Righteous among nations: An Egyptian doctor, a Muslima martyr, and a Polish nun

While also facing persecution from the Germans for being a descendant of what the Nazis called “Hamites,” Dr. Mohamed Helmy rescued a young Jewish girl named Anna Boros and hid her until the end of the war. Mohamed began looking after Anna in 1938 when she was just 13 years old. After watching the injustice she faced at such a young age, he gave her a job in his office as his assistant and taught her to conduct blood tests and use a microscope. In 1942 Mohamed first hid Anna following a summon from the Gestapo for deportation, bringing her to his fiancee’s house. As deportations of Berlin’s Jews began, Mohamed hid the girl in his cabin in Buch, often arranging for her to go into hiding elsewhere while he was under police investigation.
“Dr. Helmy hid me in his cabin from March 10 until the end of the war. As of 1942 I no longer had any contact with the outside world. The Gestapo knew that Dr. Helmy was our family physician, and they knew that he owned a cabin in Berlin-Buch. He managed to evade all their interrogations. In such cases he would bring me to friends where I would stay for several days, introducing me as his cousin from Dresden. When the danger would pass, I would return to his cabin. Dr. Helmy did everything for me out of the kindness of his heart and I will be grateful to him forever.”

Mohamed began working on a plan to ensure Anna’s permanent safety that included forging papers and pretending to be her father, which would give her official Muslim status rather than Jewish.
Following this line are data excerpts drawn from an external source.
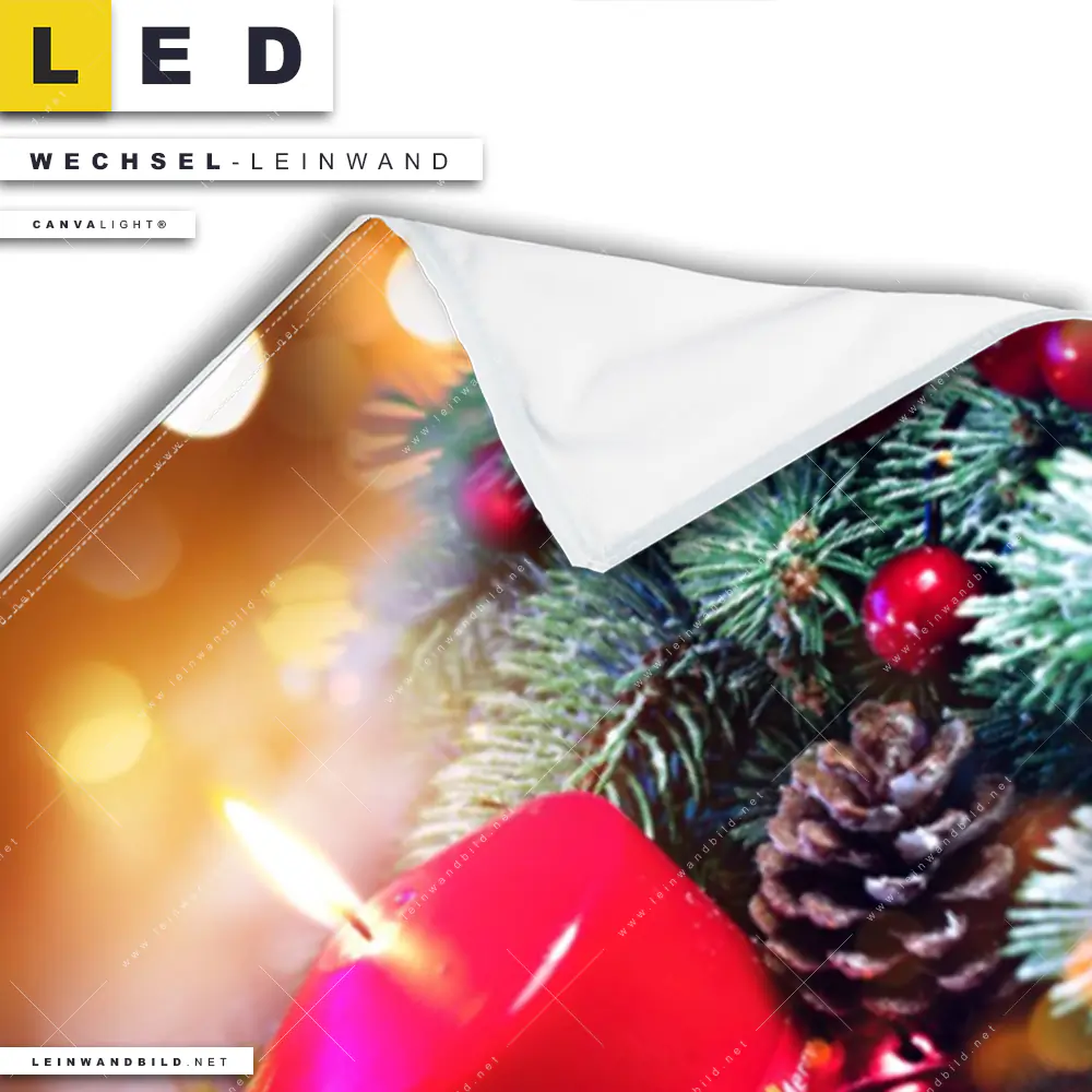 LED Wechsel-Leinwand Canvalight® TEX | Adventskerze mit Weihnachtsschmuck | Panorama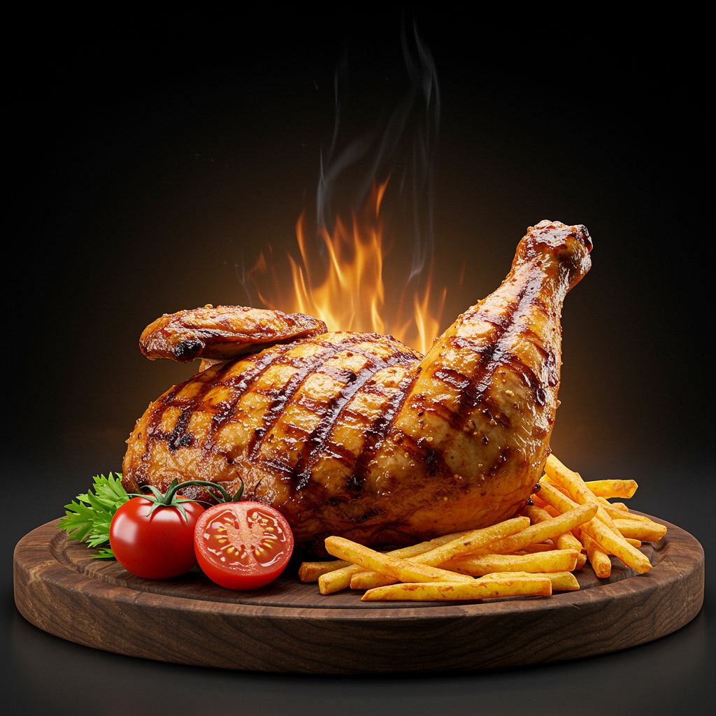 Deliciously grilled chicken presented as a tantalizing food photograph, meticulously styled to perfection. Captured from a wide perspective using a prime 85mm lens at f/11, this studio shot boasts ultra-high detail rendered in octane. The image, in stunning 8k resolution, plays with a subtle change in the aspect ratio to 3:4, enhancing the visual appeal.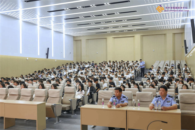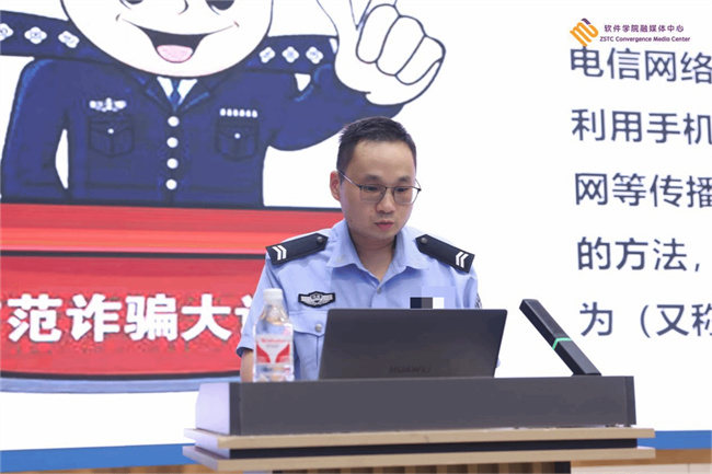 中新河南網(wǎng)9月27日電(文/吳志軒 圖/劉思源) 為進(jìn)一步提高學(xué)生的網(wǎng)絡(luò)電信詐騙識(shí)別和防范能力,維護(hù)同學(xué)們的切身利益,預(yù)防各類網(wǎng)絡(luò)電信詐騙事件,營(yíng)造和諧平安的校園環(huán)境。9月26日下午,鄭州軟件職業(yè)技術(shù)學(xué)院保衛(wèi)處、學(xué)生工作處聯(lián)合八千派出所在學(xué)校舉辦了預(yù)防電信詐騙知識(shí)講座。鄭州市公安局航空港分局八千派出所民警吳迪擔(dān)任主講嘉賓。

Anna survived the rest of the war by pretending to be Muslim, up until she was betrayed in 1944 when another Jewish family revealed Mohamed was hiding her. He managed to again, avoid punishment from the police after showing an alleged letter written to him from Anna which stated she was staying with her aunt in Dessau.
In 1960, Anna asked for Helmy, against his wishes, to be honored for being “a wonderful human being,” a statement she made in front of a New York notary. Decades after his death in 1982, Mohamed Helmy was the first Arab to be awarded Righteous Among Nations by Yad Vashem. The medal that Helmy’s family accepted had been engraved with a very famous Jewish proverb from the Talmud, “Those who save a life save the world.”

Cecylia Roszak was one of nuns who helped set up a convent near Vilnius, Lithuania that saved Jews during the Holocaust. Among the Jews she and her sisters rescued was Vilna ghetto survivor and Nakam founder, Abba Kovner.
Unfortunately after the Jews had left and entered the ghettos to establish the resistance, the Vilnius convent was closed, the nuns were dispersed, and Cecylia returned to Poland. Years after the war Kovner learned that some of the sisters who had saved him survived, and he got in contact with the monastery in Krakow and spoke directly with Sister Cecylia. After she identified herself to him, Kovner said he had been trying to contact someone from their community to thank them for saving his life. Sister Cecylia gave him the monastery’s address and weeks later received a package from Israel containing a bronze crucifix with “Jerusalem” engraved at the base.

Sister Cecylia passed away in November of 2018, but not before also being recognized as Righteous Among the Nations.
Noorunisa Inayat Khan is an Indian princess and World War II secret agent known for her service in the Special Operations Executive. As an SOE spy she became Britain’s first Muslim war heroine and was the first female wireless operator to be sent into German-occupied France to aid the French Resistance.
While in Paris she dispatched coded messages between the American and the French resistance movements and along with her network of spies, were given direct orders from Winston Churchill to “set Europe ablaze.” After the plan was infiltrated she was directed to return home, but refused and remained the last officer in the most dangerous post in France.
October 1943, she was betrayed to the Germans and interrogated at the SD headquarters in Paris, where she attempted to escape from twice. The former head of the SD, Hans Kieffer would testify that she did not give the Gestapo a single piece of information and was consistently deceitful. She would remain in capture for 10 months, was beaten, starved, and tortured without giving up any intelligence. At 30 years old Noor was transferred to Dachau concentration camp where she was executed by SS men with a shot through the back of the neck. She used her last breath to announce “Liberty.”